The Department for Work and Pensions (DWP) has unveiled the latest figures, revealing that nearly 12.7 million older people across the UK are currently receiving a regular financial income from the State Pension. This benefit is accessible to those who have reached the UK Government’s eligible retirement age of 66 for both genders and have made at least a decade’s worth of National Insurance (NI) contributions.
However, many individuals approaching retirement may not be aware that they need roughly 35 years’ worth of NI contributions to receive the full New State Pension payment of £221.20 per week.
This amount is an average as some individuals may have been ‘contracted out’ and will require more NI contributions to qualify for the full sum – further details about this can be found on GOV. UK.
While workplace and private pensions can supplement the State Pension in retirement, many people might be relying solely on this contributory benefit as their only income during their retirement years. Therefore, it’s crucial to understand how many years of NI contributions are needed to secure the maximum payout.
The State Pension age is set to increase to 67 between 2026 and 2028, with another planned rise to 68 expected to take place in the mid-2040s, according to the Daily Record.
If you’re worried about the number of years you need to work before retirement, our guide below will help clarify how National Insurance contributions affect your State Pension amount.
How to qualify for any New State Pension payment
To be eligible for any State Pension, you’ll need at least 10 qualifying years on your National Insurance record, but these don’t have to be consecutive.
This means that for at least 10 years, one or more of the following applied to you:
- you were employed and made National Insurance contributions.
- you received National Insurance credits, for instance if you were jobless, ill, a parent or a carer.
- you made voluntary National Insurance contributions.
Even if you’ve lived or worked overseas, you might still be able to receive some New State Pension.
You may also qualify if you’ve made contributions at the married women’s or widow’s reduced rate – find out more about this on the GOV. UK website here.
How to qualify for full New State Pension payments
The first thing to understand is that ‘full’ refers to the maximum amount of New State Pension a person can receive. You’ll need approximately 35 qualifying years to receive the full New State Pension if you don’t have a National Insurance record before 6 April 2016 – this could be more if you were ‘contracted out’, find out more here.
For those who have contributed between 10 and 35 years, they are eligible for a portion of the new State Pension, but not the full amount unless they purchase additional NI years.
Qualifying years if you’re employed
When you’re working, you pay National Insurance and earn a qualifying year if:
- you’re employed and earning over £242 a week from one employer.
- you’re self-employed and making NI contributions.
You might not be paying National Insurance contributions because your earnings are less than £242 a week. However, you may still earn a qualifying year if you make between £123 and £242 a week from one employer – find out more here.

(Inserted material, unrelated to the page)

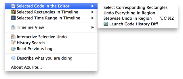 This command searches through the history for all the edit operations performed on the currently selected region of code. The resulting rectangles are highlighted on the Timeline view.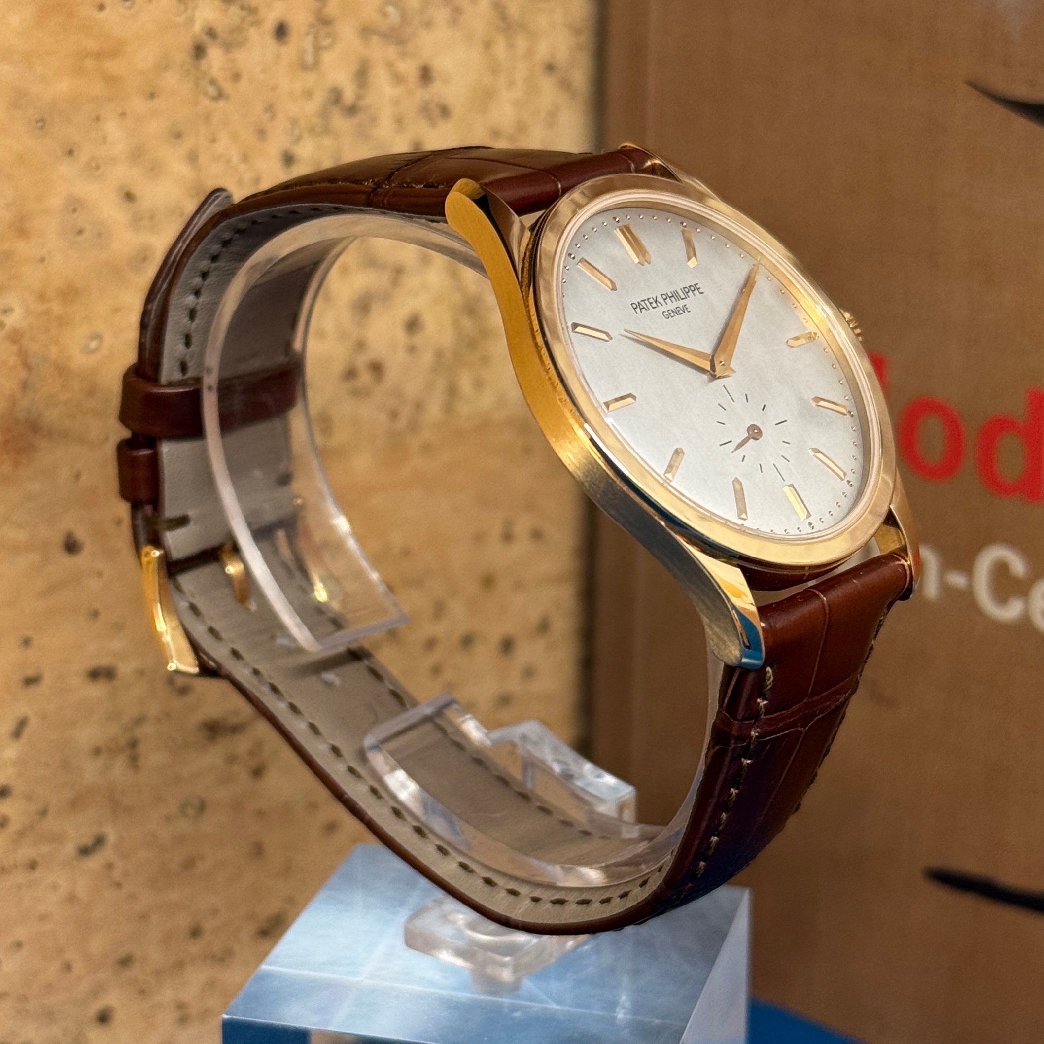 Son boîtier en or rose 18 carats de 37 mm, aux lignes pures et au profil ultra fin, exprime un raffinement sobre et mesuré, parfaitement adapté à une tenue habillée. Le cadran argenté opalin, minimaliste, est agrémenté d’index bâtons appliqués en or et d’aiguilles dauphines fines et élégantes. Aucun guichet date ne vient perturber l’harmonie visuelle — un choix assumé, fidèle à l’ADN puriste de la collection Calatrava.

Qualifying years if you’re not employed
You may receive National Insurance credits if you’re unable to work – for instance due to illness or disability, or if you’re a carer or unemployed.
You can receive National Insurance credits if you:
- claim Child Benefit for a child under 12 (or under 16 before 2010)
- get Jobseeker’s Allowance or Employment and Support Allowance
- receive Carer’s Allowance
If you’re not employed or receiving National Insurance credits
You might have the option to make voluntary National Insurance contributions if you’re not in one of these groups but wish to increase your State Pension amount. Find out more on the GOV.UK website here.
What happens if there are gaps in your National Insurance record?
Even with gaps in your National Insurance (NI) record, you can still be eligible for the full New State Pension. A State Pension statement can provide an estimate of how much State Pension you might receive.
You can also request a National Insurance statement from HM Revenue and Customs (HMRC) to verify if there are any gaps in your record.
If your National Insurance record has gaps that could hinder you from receiving the full New State Pension, you may have options such as:.
- Acquiring National Insurance credits
- Making voluntary National Insurance contributions
You can review your National Insurance record on the GOV. UK website here.
It’s also important to check your State Pension age to determine when you’re eligible to retire and claim your State Pension. This can be done using the free online tool available on the GOV.UK website here.